A novel enzymatic delamination method for sustainable recycling of crystal silicon photovoltaic (c-Si PV) modules

Due to the growing effects of global warming, there has been a surge in the demand for renewable energy sources. In particular, the most important player in this increase is the installation of photovoltaic (PV) modules. At this critical stage, it has become a priority to identify strategic approaches for the recycling of end-of-life PV panels with a strong focus on environmental protection. This study examined the impact of enzymatic delamination on the separation of the EVA (Ethylne Viniyl Aceate Co polymer) layer, a crucial stage in the recycling process of PV panels.

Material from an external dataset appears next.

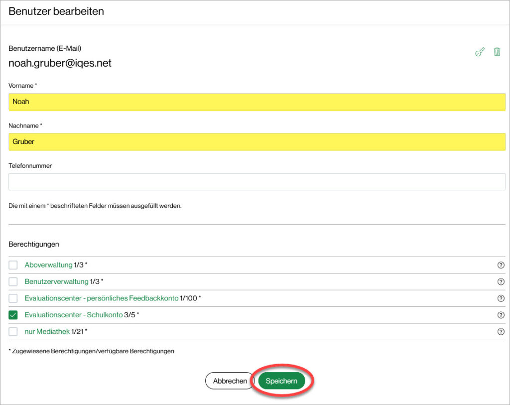 Geben Sie Vorname und Nachname ein. Optional können Sie zusätzlich die Telefonnummer eintragen. Setzen Sie anschliessend bei «Evaluationscenter – Schulkonto» einen Haken und klicken Sie dann auf «Speichern».

Notably, this investigation is the first of its kind in the existing literature. To investigate this, delamination effects of lipase, laccase, and lecitase enzymes were analyzed according to experimental design methods. Furthermore, sunflower oil was employed for the first time in the existing body of literature to facilitate delamination, resulting in a delamination rate of 100 %. The environmental impacts of these biotechnological techniques, which serve as alternatives to the commonly used toluene, were also comparatively assessed by life cycle assessment (LCA) method to analyze the environmental impact. LCA methodology was performed from gate to gate and the Recipe impact methodology was used. Oil assisted enzymatic delamination method was shown to be an alternative from environmental point of view to solvent based method such as toluene.